Les blancs : fraîcheur, tension… et gastronomie !
Crozes-Hermitage Blanc 2023 (Marsanne 95%, Roussane 5%)
Ouverture nette et cristalline. Fruits blancs, agrumes, finale saline.
Un vin qui éveille le palais comme une première note claire. Belle minéralité (pour moi)
Saint-Péray 2024 (Marsanne)
Plus discret, plus floral. Amande fraîche, texture délicate.
Une respiration dans la dégustation.
Saint-Joseph Blanc 2024 (Marsanne 70%, Roussane 30%)
On gagne en ampleur. Fruits mûrs, structure plus affirmée, belle longueur.
Le vin commence à s’installer.
Un Condrieu 2022 servi avec des asperges, œuf poché, mousseline citron ciboulette
Ici, l’accord devient scène !
Le Condrieu 2022, ample et aromatique, déploie ses notes d’abricot, de fleurs blanches et de fruits mûrs.

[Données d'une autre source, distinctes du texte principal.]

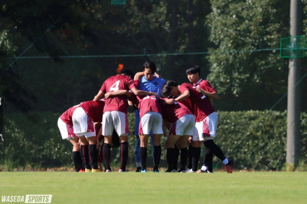 円陣を組む早稲田イレブン。背水の陣で挑む次節、「来週の1試合を大事に、戦っていきたい」と平瀬が語るように必ずや勝利を収めてくれるはずだ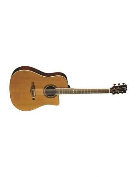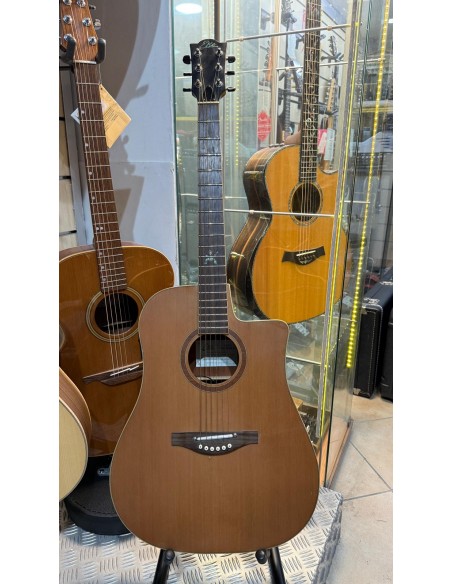 Si presenta in colore Natural con finitura lucida, con forma Dreadnought a spalla mancante, caratteristica che permette al chitarrista di raggiungere agevolmente i tasti più acuti. La combinazione di Cedro massello sul top e Ovangkol su fasce e fondo, frutto di una ricerca accurata, regala a questo strumento uno spettro timbrico molto ampio e sempre ben equilibrato su ogni singola corda. Caratteristica decisamente importante è la presenza di un sistema di amplificazione molto performante.

Face à lui, l’asperge, toujours délicate à marier, trouve un équilibre inattendu grâce à la mousseline citronnée et à l’onctuosité de l’œuf poché.
👉 Résultat :
le vin enveloppe, le plat éclaire.
Une alliance où la richesse du viognier est canalisée par la fraîcheur du citron et la finesse végétale.
Ces sensations apportées par le palais et le nez se répandent sur les autres zones du cerveau, et ainsi j’ai comme une envie, écouter Eleonora Strino 4tet, dans ce morceau « 21 Marzo ». J’attends vos reactions, comme celle de David.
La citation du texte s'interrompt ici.